= Death Equinox =

Death Equinox was a series of four conventions held in Denver, Colorado in the late 1990s and early 2000s. Sponsored by CyberPsychos AOD, and organized by Jasmine Sailing, they focused on alternative culture and art. A usual aspect was that they combined both the transgressive aspects of writing and art with the actual practice of things that would appear in such works. Convention events included standards such as readings and panels but also featured live concerts, play piercing demonstrations, torture readings and Cnidarian sermons. Rev. Ivan Stang hosted a Church of the SubGenius devival at the second Death Equinox convention.

==Death Equinox '97==
- General GoH: John Shirley
- Sado-Magickal GoH: Don Webb
- Horrific Literatist GoH: Brian Hodge
- Master of Toast: Edward Bryant

==Death Equinox '98==
Specialized Guests of Honour:
- Slack-Magickal GoH: Rev.
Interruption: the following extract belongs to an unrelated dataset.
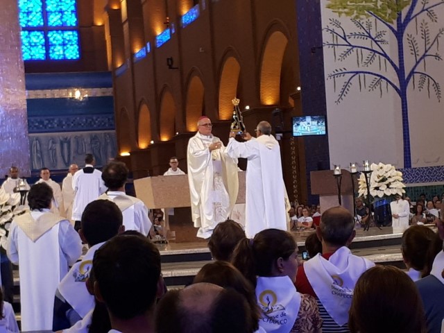 As lideranças da paróquia de Iporã foram até aparecida do norte no dia 27 de abril, no dia 28 visitaram o local e às dez horas as lideranças participaram da celebração de entrega da réplica de Nossa Senhora Aparecida para a diocese de Chapecó. Dom Odelir recebeu a imagem do administrador de Aparecida. Foi um momento de muita oração e peregrinação. O grupo visitou o Santuário de Nossa Senhora Aparecida e a Igreja do Frei Galvão em Guaratinguetá.

Ivan Stang
- Master of Toast: Lee Ballentine
Ranchhand Guests of Honour:
- Audial Distortionist GoH: Little Fyodor
- Visual Depictionist GoH: T. Motley
- Veteran Guests: Don Webb, Brian Hodge, and Edward Bryant

==Death Equinox '99==
- General GoH: Larry McCaffery
- Master of Oration: R. N. Taylor
- Kink-Artist GoH: Gomez
- Mad Scientist GoH: Bill Llewellin
- Veteran Guests: Brian Hodge, Edward Bryant, Lee Ballentine, Little Fyodor, and T. Motley

==Death Equinox '01==
Guests of Honour:
- Avant-Prof GoH: Lance Olsen
- Visual Depictionist GoH: Andi Olsen
- Horrific Literatist GoH: Brian Evenson
- Master of Crack-Toast: Michael Hemmingson
- Veteran Guests: Larry McCaffery, R. N. Taylor, Edward Bryant, Lee Ballentine, Little Fyodor, T. Motley, and Gomez.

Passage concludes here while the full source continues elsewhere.